Emission targets at risk as growing population hits greener city plan

 

Road deaths and serious injuries down but pedestrians remain most at risk

pedestrian childFewer people were killed or seriously injured on the capital’s roads in the past 12 months.

According to data from Transport for London 2,167 people were killed or seriously injured in 2014, a 7% drop on 2013 and the lowest number since the current form of record keeping began in 1986.

Overall casualties figure that include minor injuries were up by 13% year-on-year with 30,785 people hurt in nearly 26,000 accidents. 38% of those injured were travelling in a car.

Pedestrians remain the most at risk of being killed on the road in London. Of the 127 people fatally injured, 64 were on foot and 104 were what TfL refers to as the most vulnerable groups – pedestrians, motor cyclists and cyclists.

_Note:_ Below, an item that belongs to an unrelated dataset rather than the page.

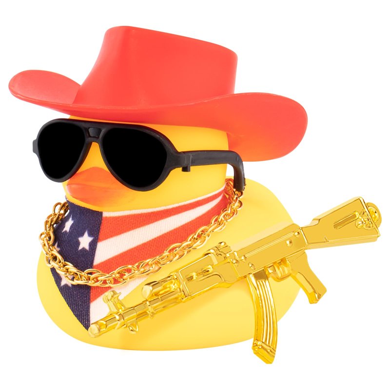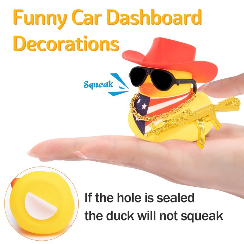 - Funny Duck Ornaments: This America duck is equipped with a cowboy hat, sunglasses, necklace, America Patriotic scarf and double-sided tape, which is a unique and adorable duck to decorate our car.It represents the red white and blue stars and stripes US flag.

Fatalities and Casualties on London’s Roads
Killed Serious Injury
Pedestrian 64 715
Cyclist 13 419
Motorbike/Scooter 27 499
Car 19 297
Van/Lorry 2 19
Taxi/Private Hire 0 13
Bus/Coach 0 71
Other 2 7

TfL’s current target for 2020 is to reduce deaths and serious injury by 50% from the average rate seen between 2005-09. Rates are currently 40% lower, and for children the 50% target has been achieved.

However those under 15 remain the most vulnerable pedestrians. 5,613 people on foot suffered some form of injury in a road accident in 2014. More than 1,000 of them were children.

Injuries to cyclists were up, but so is the popularity of cycling. Deaths and serious injuries rose by 3% on the 2005-09 average and minor injuries were up by 73%. Since 2005 the number of journeys taken by bike has risen by 92%, says TfL.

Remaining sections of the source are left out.